10th July 1970
French prime minister disappears on Jersey boat trip
Elected prime minister in 1957, one day after his 38th birthday, Felix Gaillard had been the youngest head of the French government since Napoleon. His term lasted just over six months when he was brought down by a vote of no confidence in the French National Assembly.
However, Gaillard, who had been in the Resistance during the Second World War, was not one to disappear quietly. In 1958 he became president of the Radical Party, which was perhaps not quite as radical as its name might have suggested, since he wanted the French centrist parties to work together.
Fateful trip to Jersey
On 9 July 1970, he boarded his yacht, the Marie Grillon, with two women. They headed for Jersey where he was due to meet his sister, but there’s some confusion in the papers over what happened next. Some quote his sister in law saying that he never arrived, while others claim that he had radioed his wife in Brittany to say that he was ready to set off for the return trip.

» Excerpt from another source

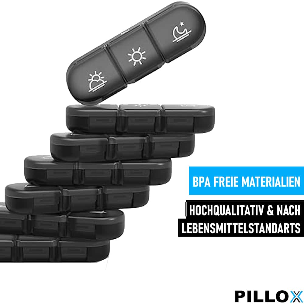 Unsere Tablettenbox besteht aus lebensmitteltauglichen, BPA-freien Materialien, sicher für den täglichen Gebrauch sind. Sie können Ihre Medikamente bedenkenlos in unserer Box aufbewahren, ohne sich um Ihre Gesundheit sorgen zu müssen.

Either way, the yacht disappeared and, the following day, was discovered, wrecked on the Minquiers reef. Although his body was not among the wreckage, the two female passengers were found there, dead but wearing life jackets. Gaillard himself was discovered on 11 July, along with another passenger, floating in the Channel, suggesting that he’d picked up a third passenger somewhere.
It was later determined that the boat had exploded, and Gaillard had drowned. He had been 50 years old.